- Armantier, Olivier, James McAndrews, and Jeffrey Arnold. 2008. “Changes in the Timing Distribution of Fedwire Funds Transfers.” FRBNY Economic Policy Review 14(2): 83–112. [url].
- Soramäki, Kimmo, Morten L Bech, Jeffrey Arnold, Robert J Glass, and Walter E Beyeler. 2007. “The topology of interbank payment flows.” Physica A: Statistical Mechanics and its Applications 379(1): 317–333. url
Financial Markets and the Onset of the American Civil War
I estimate the market implied ex ante probability of the onset of the American Civil War using U.S. government and state bonds. Surprisingly, financial markets were surprised by the Battle of Fort Sumter and the start of the war. Prior to Abraham Lincoln’s election in November 1860, the market assigned almost no probability to a war. Even after the secession of several states, the week before the Battle of Fort Sumter, the market assigned a negligible probability, approximately 5%, to war onset.
Pricing the Costly Lottery:
Financial Market Reactions to Battlefield Events in the American Civil War
This paper estimates the effects of major battles in the American Civil War on the price of Union bonds. Bond prices are a function of expected future cash flows, and war results can have a large influence on the the expectation of the timely payment of those cash flows. Thus, bond prices provide a method to assess the effects of war events on the expected war result. This allows for understanding how events within war influenced the expected war result. Assessing the importance of war events on war termination provides another method for researchers to “open up the black box of war”. In this application, initial results suggest that for the Union bonds considered, the average Confederate victory decreased the price by 3.3% Union victory increased it by 1%.
Bayesian Shrinkage in Dynamic Linear Models
Unifying Smoothing and Structural Break Models
This develops a method for estimating time varying parameters that unifies change-point and smoothing models.

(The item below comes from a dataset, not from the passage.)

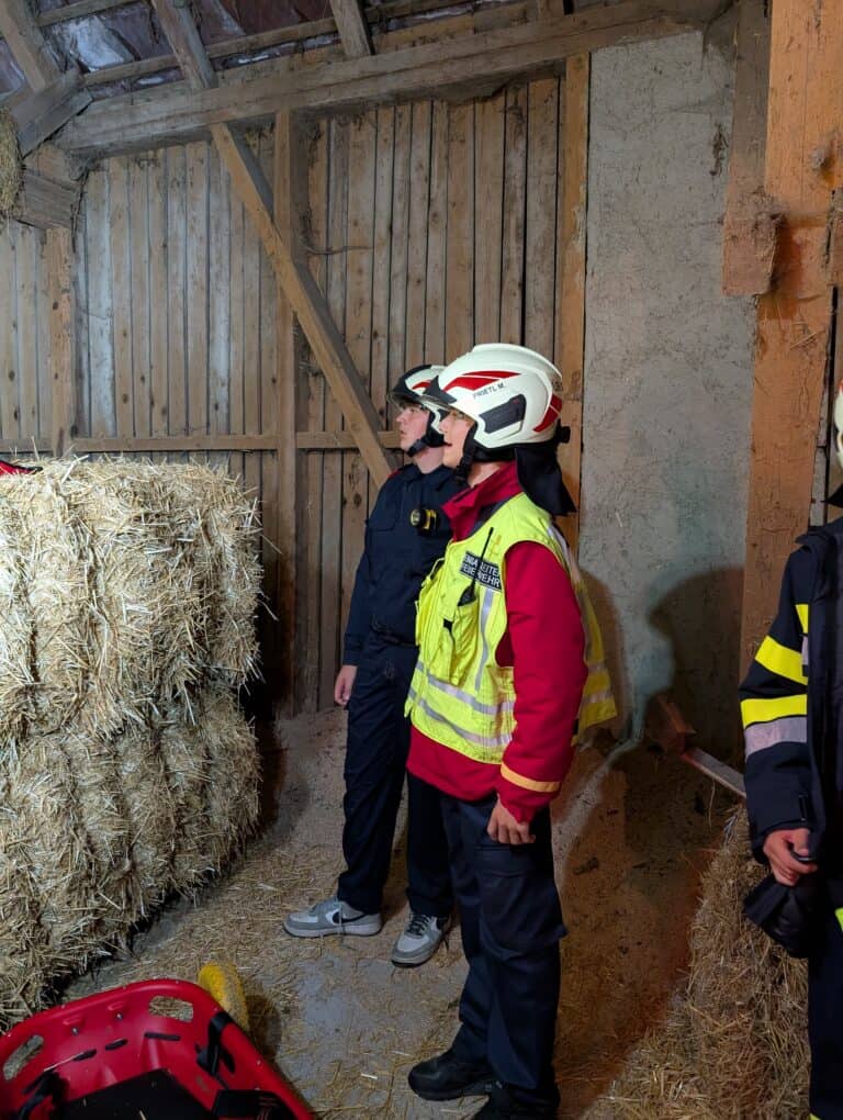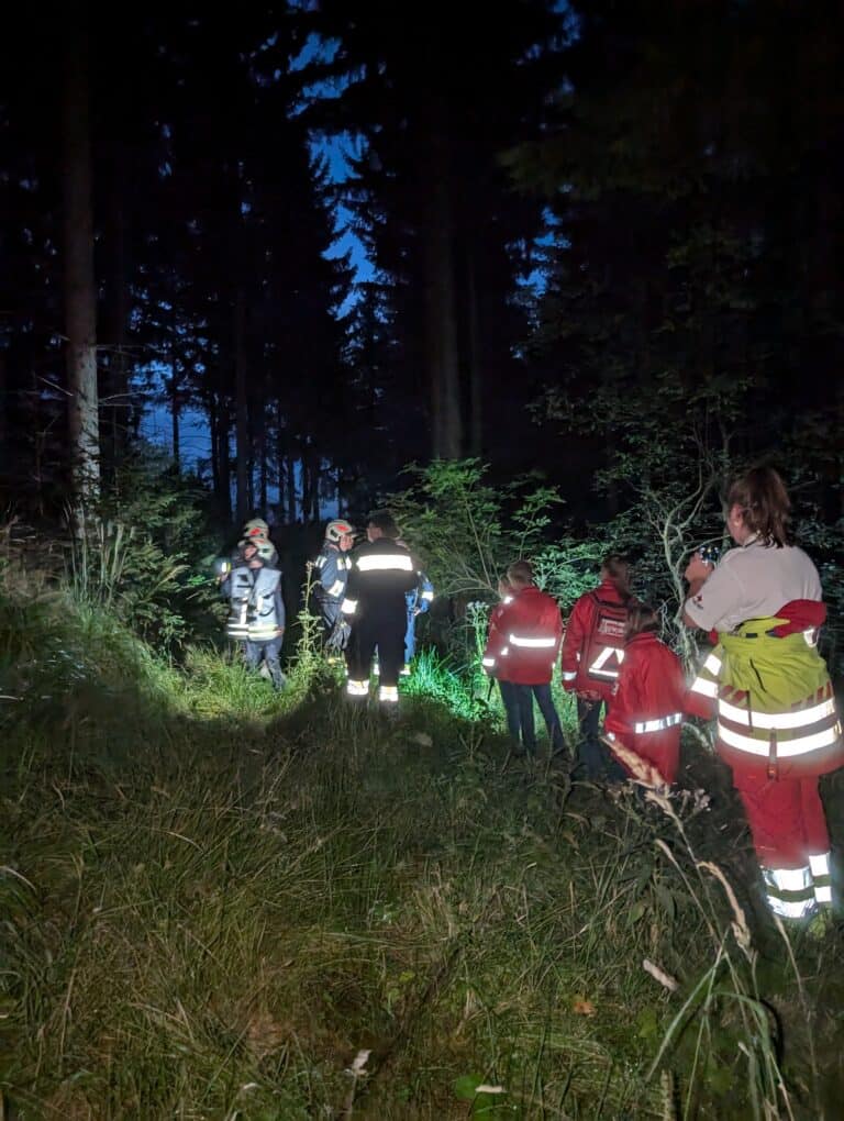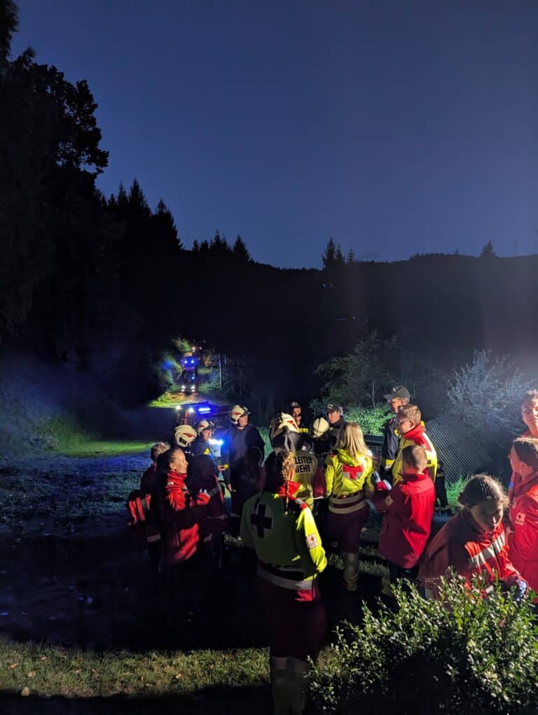 Gegen 22 Uhr wurde unsere Jugend dann vom Roten Kreuz als Unterstützung zum Retten von zwei Personen alarmiert. Da die Lichtverhältnisse sehr schlecht waren, wurde von unserer Jugend der „Einsatzort“ entsprechend mit mobilen Scheinwerfern ausgeleuchtet.

It unifies these approaches by noting that change point models are simply a case of a sparse parameter model in which the sparsity is over the difference rather than the level of the parameters.
The method presented in the essay consists of combining dynamic linear models with newly developed Bayesian shrinkage prior distributions.

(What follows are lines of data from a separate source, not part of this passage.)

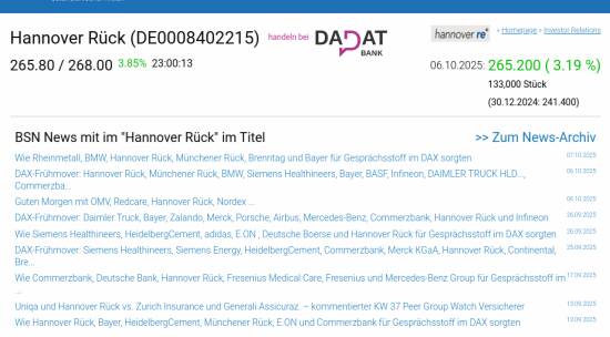 Hannover Rück am 6.10. 3,19%, Volumen 124% normaler Tage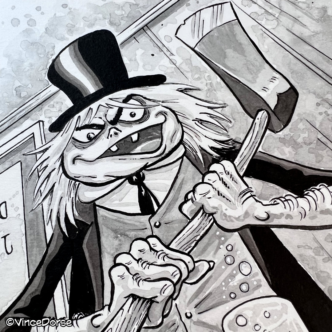 The villainous Mr. Hyde from the Bugs Bunny classic, Hyde and Hare, rendered in ink on 5"x7" watercolor paper, one-of-a-kind, signed.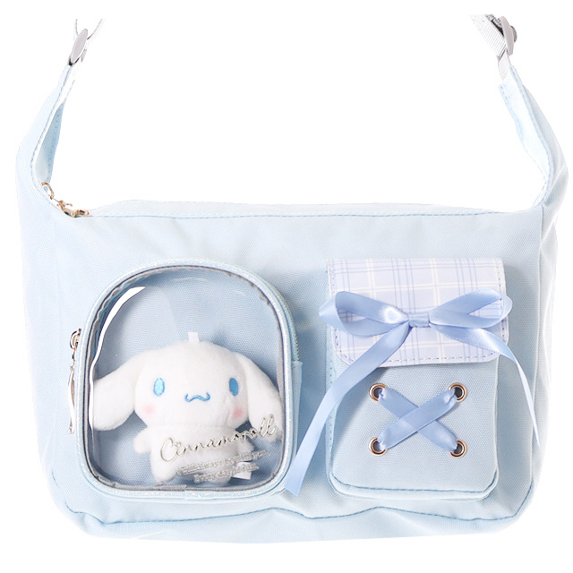 サンリオキャラクターズ ポリチェック2ポケットぬい付ラウンドショルダー サンリオ シナモロール 253336-3
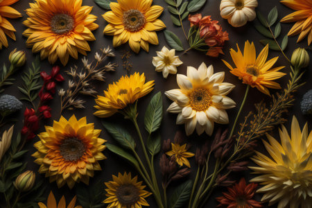 Beautiful autumn flowers on dark background. Flat lay, top view. generative ai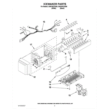 NOTE: 8 cube icemaker Includes two wire harnesses and shut off arm.

This method has several advantages over existing change point models.
First, it does not require choosing a specific number of change points.
In fact, it does not require the researcher to choose between smoothly varying and change point models for the parameter of interest since the sparsity of parameter changes can itself be estimated.

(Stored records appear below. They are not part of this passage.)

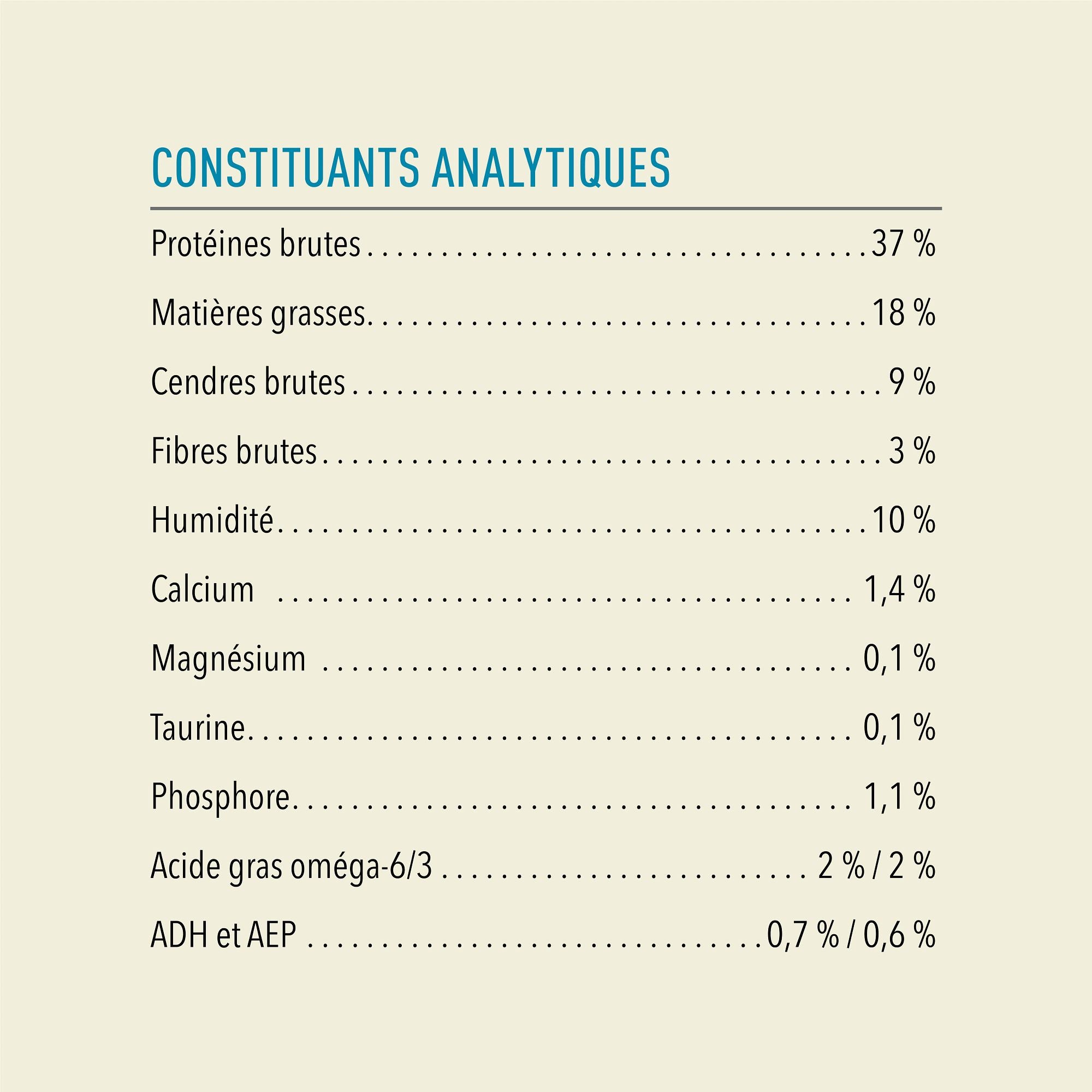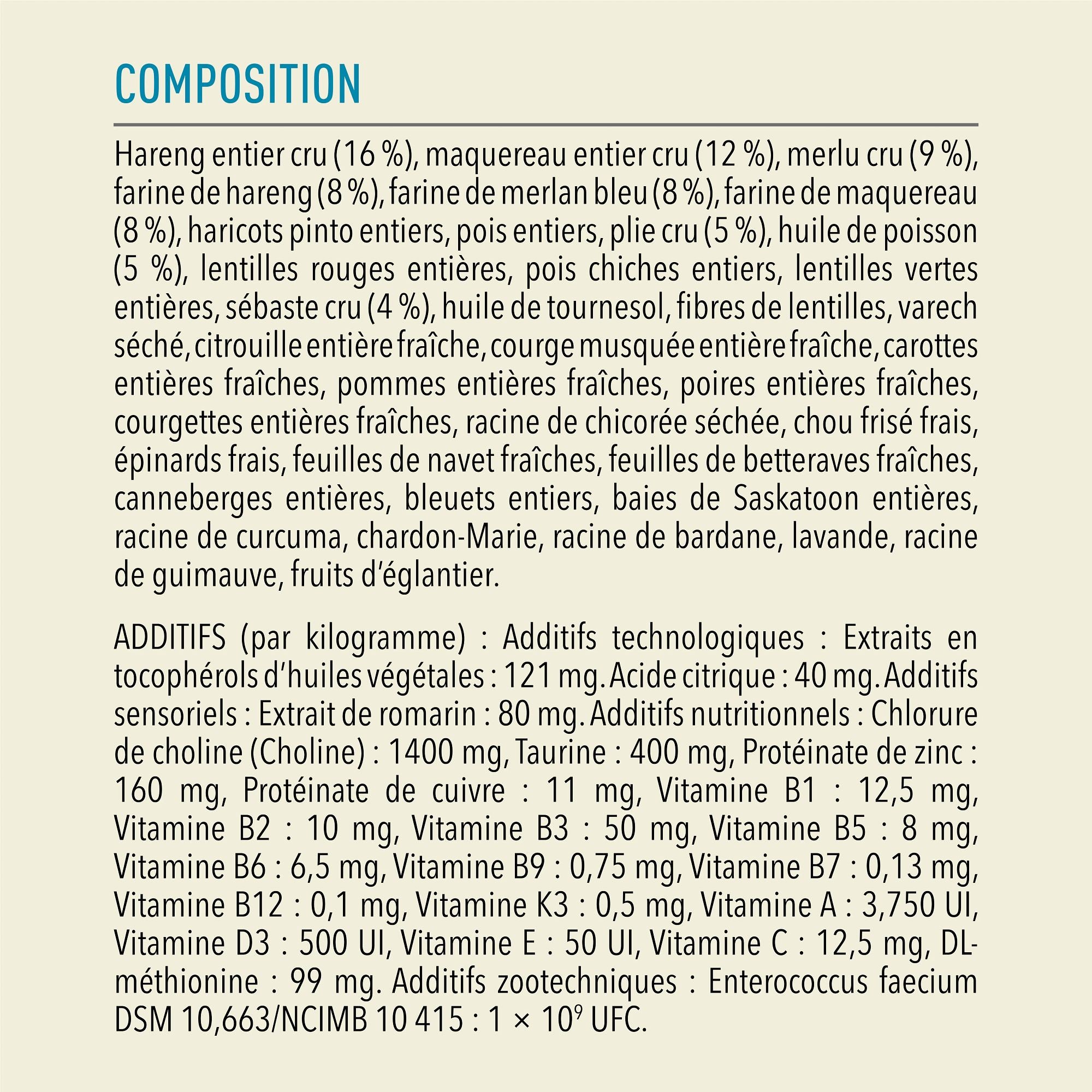 Hareng cru entier du Pacifique (14%), Maquereau cru entier du Pacifique (13%), merlu entier cru (9%), hareng déshydraté (8%), merlan bleu déshydraté (8%), maquereau déshydraté (8%), haricots Pinto entiers, pois entiers, Flet cru sauvage (5%), huile de goberge (5%), lentilles rouges entières, pois chiches entiers, lentilles vertes entières, sébaste entier cru (4%), huile de tournesol, fibres de lentilles, foie de morue lyophilisé (1%), varech séché, citrouille entière fraîche, courge musquée entière fraîche, chou frisé frais, épinards frais, feuilles de navet fraîches, carottes fraîches, pommes fraîches, poires fraîches, canneberges entièresfraîches, myrtilles entières fraîches (bleuets), racine de chicorée, racine de curcuma, chardon marie, racine de bardane, lavande, racine de guimauve, fruits de l’églantier. ADDITIFS (par kg) : Additifs technologiques: Avec antioxydants naturels. Additifs nutritionnels: Chlorure de choline:1200 mg, Taurine: 400 mg, Zinc (Chélate de zinc d’acides aminés, hydraté): 150 mg, Vitamine B1: 12.5 mg, Vitamine B2: 6 mg, Niacine: 50 mg, Vitamine B5: 8 mg, Vitamine B6: 6.5 mg, Acide folique: 0.75 mg, Biotine: 0.125 mg, Vitamine B12: 0.10 mg, Vitamine A: 3750 IU, Vitamine E: 230 IU, Vitamine K1: 0.5 mg, Cuivre (Chélate de cuivre (II) d’acides aminés, hydraté): 11mg, DL-methionine: 99 mg. Additifs zootechniques: Enterococcus faecium NCIMB10415: 600x10^6CFU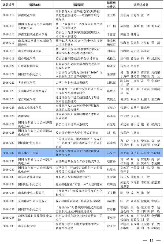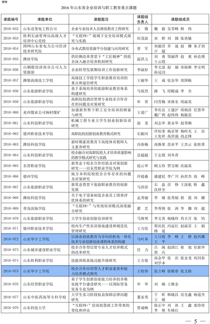 根据《关于公布2016年山东省企业培训与职工教育重点课题立项的通知》(鲁职教协字〔2016〕3号),公司获得立项的3项课题为:王桂伟老师主持的《校企合作应用型人才职业素质和能力培养模式研究》(项目编号2016-075)、马安会老师主持的《校企合作网络信息平台建设现状及其路径研究》(项目编号2016-230)和马叶革老师主持的《以就业创业教育为导向的机电一体化技术专业创新创业课程体系的构建》(项目编号2016-072)。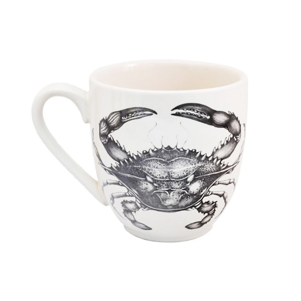Welcome to the charm and serenity that is nature into your home with a beautiful Laura Zindel piece! Both functional and decorative, this mug adorns the artist's original illustration of a blue crab. Made from high-resistance white china. Measures 4.25 inches tall. Handcrafted in US. Can be placed in the microwave and dishwasher.

Second, This method is extremely flexible, and can be extended to parameters in a variety of regression and time-series models.
Third, it can also be used to model change points in multiple parameters that could be either independent or correlated.
Fourth, since it is a special case of dynamic linear models, computationally efficient methods exist to estimate and sample from it.
While the computationally efficient methods to estimate dynamic linear models are well known, they are not included in general purpose Bayesian software.
In this essay, I provide implementations of these methods in
Stan, which can be found on github.
Civil War as a Hidden Markov Model
This paper estimates a model of civil war prevalence with a hidden Markov model (HMM) to account for measurement error in classifying civil wars. Since there exist multiple coding rules for civil war with substantial disagreement, each of these coding rules is treated as a noisy indicator of a latent concept. A HMM is used to classify country-years into latent states of civil war and peace and to model the probability of civil war onset and continuation with these latent states. The estimated classification supports an inclusive concept of civil war with a low threshold for what constitutes a civil war. The only statistically significant covariates in the civil war transition models are population and GDP on civil war onset.
Estimating the Offense-Defense Balance from the Production Function of Battle Casualties
250 years ago wars were fought with muskets. Today they are fought with missiles. Yet most empirical and theoretical literature has treated war as a homogeneous process across time. This paper develops a theoretical and quantitative apparatus to describe a key source of heterogeneity in wars, the technology of combat. The technology of combat is the shape of the function that takes military forces as inputs and produces casualties as its outputs, i.e. the production function of war. Using a Bayesian hierarchical model, I estimate the coefficients of this function at the war level. These estimates provide theoretically derived empirical estimates of the offense-defense balance and the relationship between the quantity and quality of forces over time and across wars
With Hein Goemans
We develop a measure of the historical reputation of leaders‘ using their Wikipedia pages.